Simon Ratcliffe, BA’s then head of supply-chain systems, says that a Boeing 747 carries more than 40,000 items in the cabin, so coordinating inventory availability through local bases and contract caterers is a great challenge. “We were miles adrift of best practice,” he says. “Clear evidence of a need to address the performance of the business came from some very high-profile service failures, whereby equipment, such as headsets or blankets, was not available.” According to Phil Collinge, associate partner with LCP, the audit highlighted a number of problems. “BA’s culture meant that customer service was met irrespective of cost,” he says. “The 160 kitchens worldwide had carte blanche to call off materials. And the systems pulling inventory out of the central warehouse at Heathrow were purely manual – it was medieval.’

Another problem, says Ratcliffe, was that lead times could be lengthy because BA Catering had an arrangement with BA Cargo whereby the goods went free unless it sold the space elsewhere – in which case they had to wait. As a consequence of this uncertain supply, caterers held a tremendous amount of stock.

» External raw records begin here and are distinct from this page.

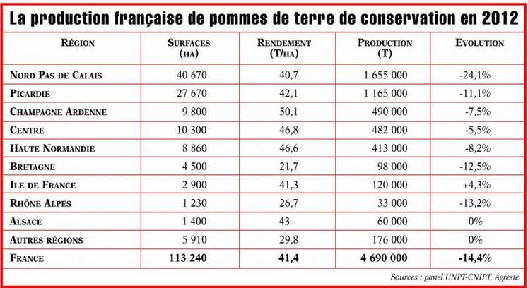 La production française de pommes de terre de conservation est estimée par l’Union nationale des producteurs de pommes de terre (Unpt), pour la campagne en cours, à 4,69 Mt soit une chute de 14,6 %, c'est-à-dire moins de 800 000 t par rapport à celle, certes abondante, de l’an dernier. Elle se retrouve aussi en baisse de quelque 10 % sur la dernière moyenne quinquennale. En outre, au mois de décembre 60 000 à 100 000 t restaient encore à récolter dans la frange maritime la plus septentrionale de l’hexagone et compte tenu de l’état des terrains détrempés, elles ne pourront sans doute pas être arrachées, aggravant encore le bilan négatif annoncé. Toutes les grandes régions de production sont concernées par cette baisse exceptionnelle de production (voir tableau ci-contre).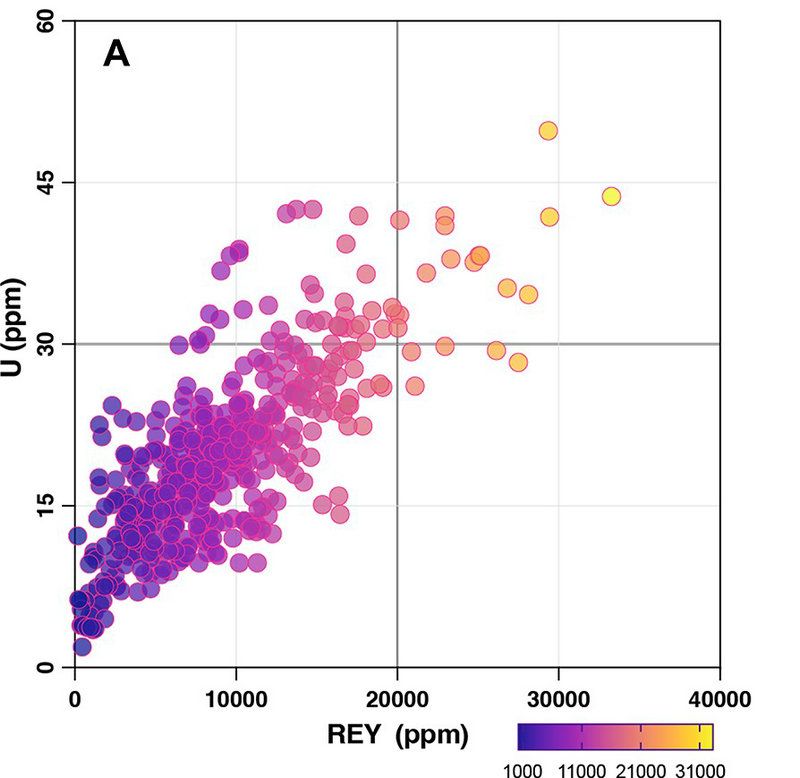 开云下注(中国)官网网讯(通讯员李登峰)深海富稀土沉积物被认为是一种潜在的稀土矿产资源,其总稀土含量可高达8000 ppm,并且含丰富的中重稀土资源。现有研究已发现,稀土元素含量与磷酸盐呈正相关,厘定了沉积物中最主要的稀土赋存矿物是生物质磷灰石(图1)。然而,深海稀土富集的时间规律研究还十分薄弱,阻碍了成矿理论发展和后续的资源勘探开发。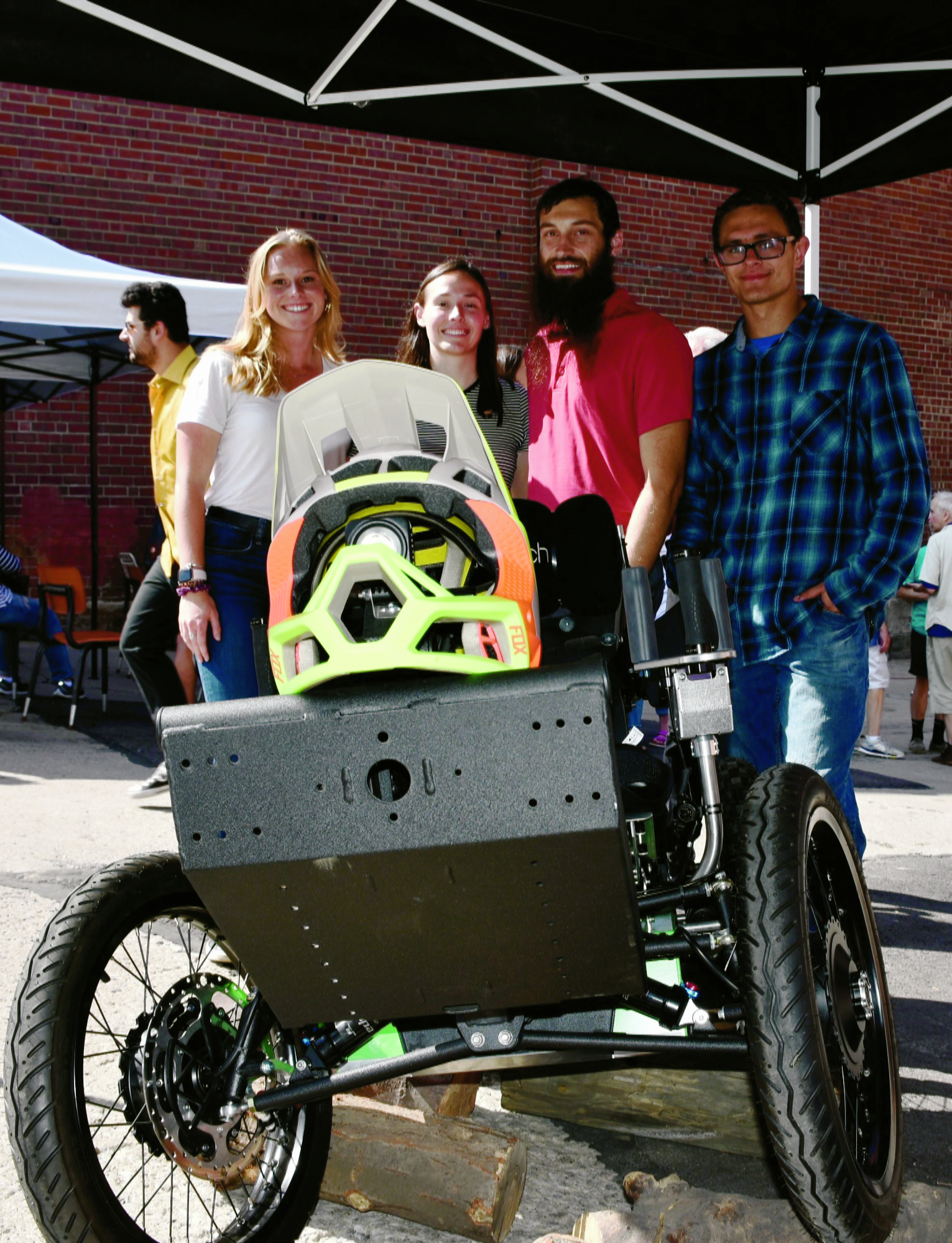 Friday, September 9, 2022; The Big Reveal, Ray’s Indoor Bike Park, 9801 Walford: This crew from Cleveland State University made use of the Center for Human Machine Systems Lab at CSU, tapped into the Manufacturing Advocacy and Growth Network (MAGNET) for fabricated parts, and the Spinal Cord Injury Volunteer Corps to equip Ray Petro’s electric four-wheel mountain bike with accessible power steering mechanism. Ray Petro, owner of Ray’s Indoor Bike Park, was injured in a mountain bike accident at a Cleveland Metroparks location in Strongsville, which led to his need for a four-wheel mountain bike with power steering. The CSU team: (L-R) Doctoral Student Skye Carlson (President of the Spinal Cord Injury Volunteer Corps), Kyra Stovicek (B.S. Mechanical Engineering 2022), Steven Wilson (B.S. Mechanical Engineering 2022), and Tyler Tokarcik, Equipment Mechanic Apprentice.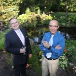 Glenn Prezzano, editor and publisher of Merrimack Valley Magazine, (L) and Larry McHugh, who hosted the Women of NECC June event along with his wife Linda, chat during the event.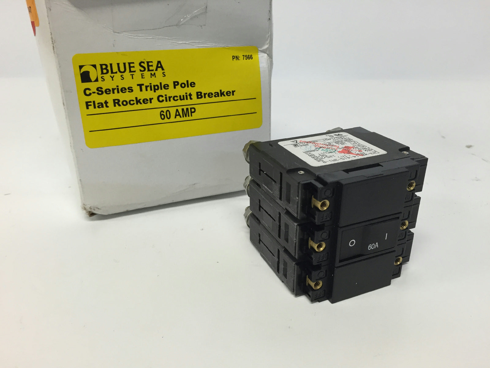 Blue Sea C-Series Flat Rocker Circuit Breaker 3 Pole 60A C23-X0-14-415-3A1R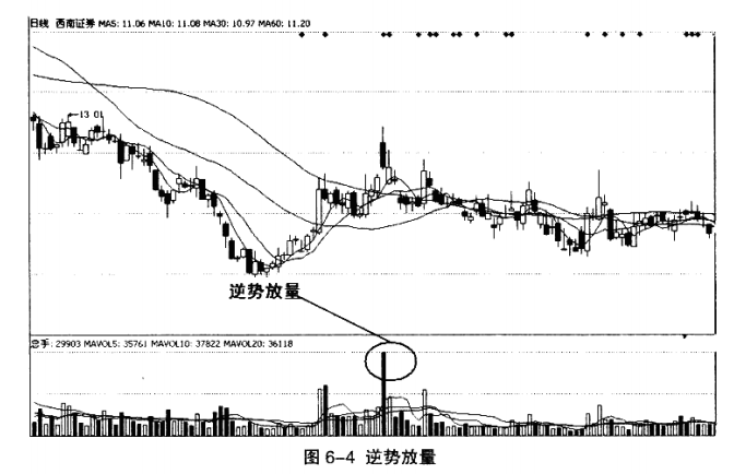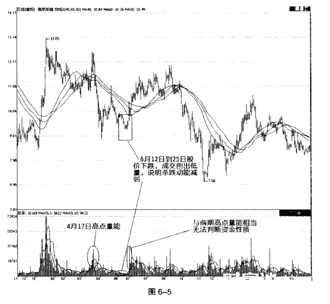 图6-5、图6-6为南京熊猫( 600775 )在2003年3月下旬~8月下旬的一段日K线走势图。该股在2003年6月12日~6月25日期间,股价出现了下跌,与此同时成交量也不断创出新的低量,说明该股的杀跌动能已经到达了极限,随后股价也便止跌企稳,该股于6月26日、27两口收出两根小阳线,同时伴随着成交址的温和放大。

The subsequent 18-month project set up new freight arrangements to guarantee lead times. It also focused on changing the cultural balance between service and cost. Operational execution software System Ess, from Industri Matematik, was bolted together with Manugistics planning software and an extranet solution, Connex, which linked BA with its suppliers.

“The most difficult aspect,” says Collinge, “was the people thing: changing ways of working, and their objectives and targets.”

The project has delivered all the business case benefits, however. Says Collinge: “Within the first year BA saved just short of £9m.”

Mary Huntington is a freelance journalist.